Good-bye, Okinawa
When I first came to Okinawa three years ago, I was miserable. It was so hot. The enclosed breezeway that connected our wing of the hotel to the main building was always dripping with condensation and as thick as a sauna, and the weather outside was even worse. Relentlessly bright, stiflingly hot. None of the streets had names, it was nerve wracking trying to remember to drive on the left side of the road, and we lost both the Snow White doll and, far worse, Purple Scarf (Atanasia's security blanket) in the confusion of the trip. Even throwing something away was an ordeal --- why were there two trash cans? What's burnable and what's not? Where do I put the diapers? The empty cans of Diet Coke? All of our shipments were delayed for weeks, and I sat in this empty damned apartment as it got dirtier and dirtier (because a broom doesn't really clean beach sand, and my vacuum cleaner was somewhere mid-Pacific), surrounded by the ugliest damned government-issue furniture imaginable, and every day I wanted to cry.
But, little by little, I found my way under the surface of this place. It turns out that, if you can get away from all of the Americans, the Alternate Okinawa that the Okinawans live in is a vibrant, laid-back, fascinating place. This is the tropical get-away of the Japanese islands, and the people who live here have almost nothing in common with the Salaryman and Office Lady from mainland. Nothing ever happens on time, and nobody cares.
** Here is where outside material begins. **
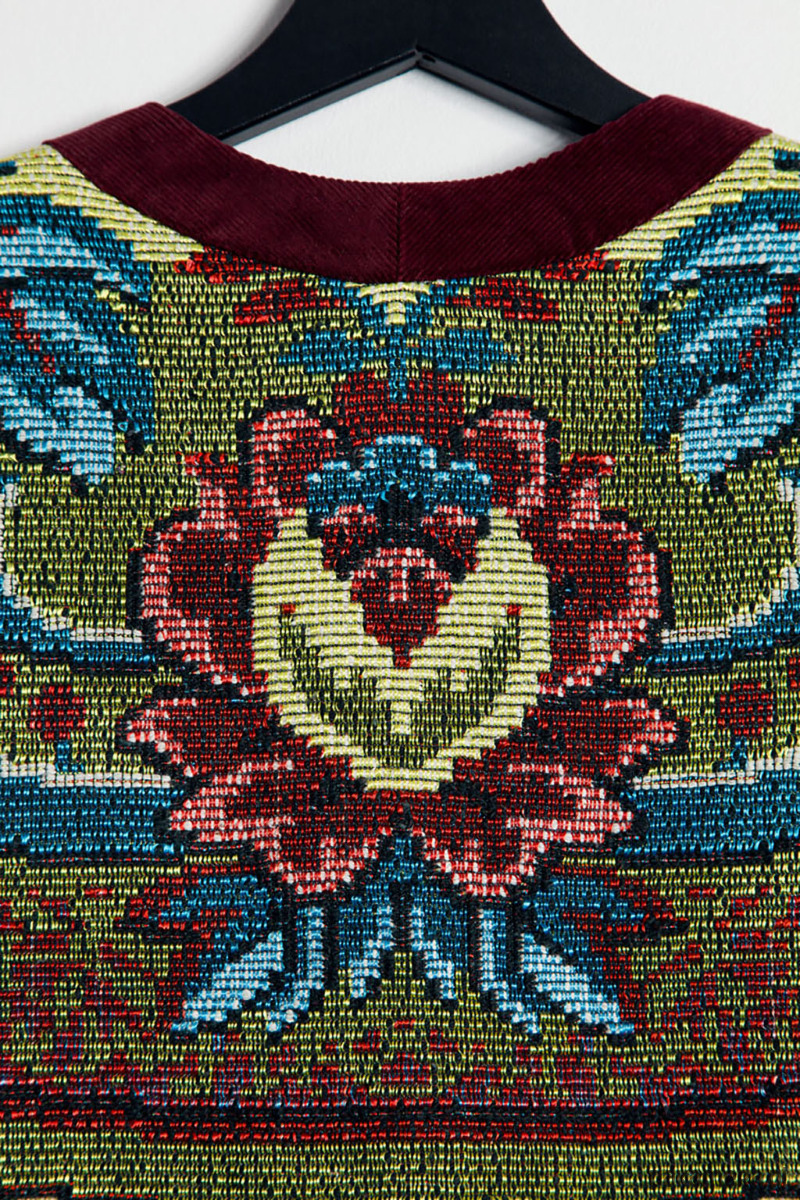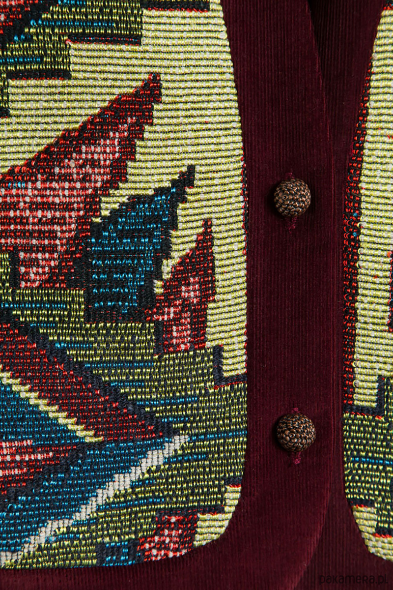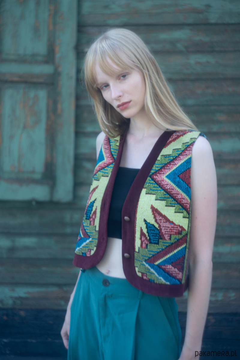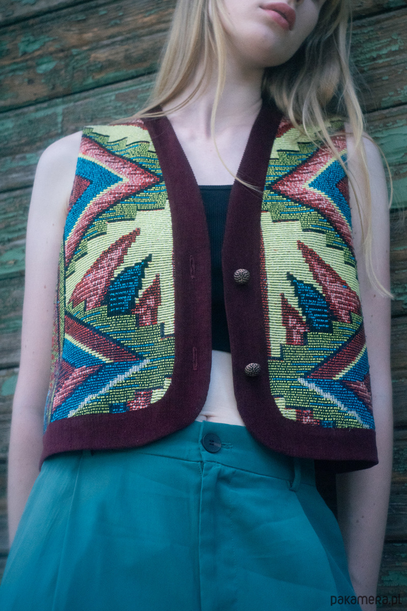 Upcyclingowa krótka kamizelka wykonana z pięknej, żakardowej narzuty z okresu PRL-u, z geometryczno - kwiatowym wzorem. Zapinana na guziki. W środku bawełniana podszewka, miła dla ciała. Idealna na każdą porę roku. Użyte tkaniny są bawełniane, dzięki czemu kamizelka jest przewiewna.

People make a living as starving artists here, playing music or throwing pottery or making jewelry or carving wood --- plus, of course, the occasional seasonal stint in the bamboo fields or apple orchards. People from mainland move here because they want to opt in to the funky, artistic, deliberately underachieving lifestyle. And I got to be a very peripheral part of that, be the only goofy gaijin shopping for handmade goods on the beach or sitting in the rain listening to Okinawan folk music or feeding my kids pieces of green tea cake and letting them run around with all the other Okinawan kids and dogs
while we wait for the festival to start (because the start time on the flyer isn't really the time things start, it's only a suggestion).
I've developed a craving for cold jasmine tea and hot cans of Georgia coffee, and I've finally figured out how to unwrap the cellophane on those triangular rice balls without tearing the seaweed. I can eat anything with a pair of chopsticks, and I automatically reach for the kleenex when I need a napkin. (That's an inside joke: if you've ever lived in Okinawa, you'll know that you generally don't get paper napkins, you get a package of kleenex at the table.)
Now that I've learned all of these West African djembe rhythms, and a lot of excellent technique, from Daiki-san, and contributed an idea for one of the t-shirts Mitzu-san silkscreens, now that I've learned all of the choreography for Marco Polo, Amira, and Veil (which I swore I hated, but, well, it's grown on me) from Etsuko-san and Sugako-san, now that I've filled my closet and my incense drawer with something new every week from my friend Mr. Victor's Indian store,
now that I've made all of these drummer
and dancer and general free-spirit friends, I feel.... Well, not that I don't want to leave, because I do. This past winter was very hard for me, it was so cold and rained so constantly. I was always cold and damp, and mold grew on everything in the house. And in another month, it'll be hot enough to knock you down. Although, strangely, it doesn't bother me now in nearly the same way it did on the day we arrived. And it will be nice to finally be someplace where I can read the street signs and the yellow pages, where I don't constantly feel the pressure to demonstrate that I am not a Damned Gaigin (spit on the occupying army!), I'm a funky laid-back peace activist just like you.
But, once again, I'm so sad I could cry.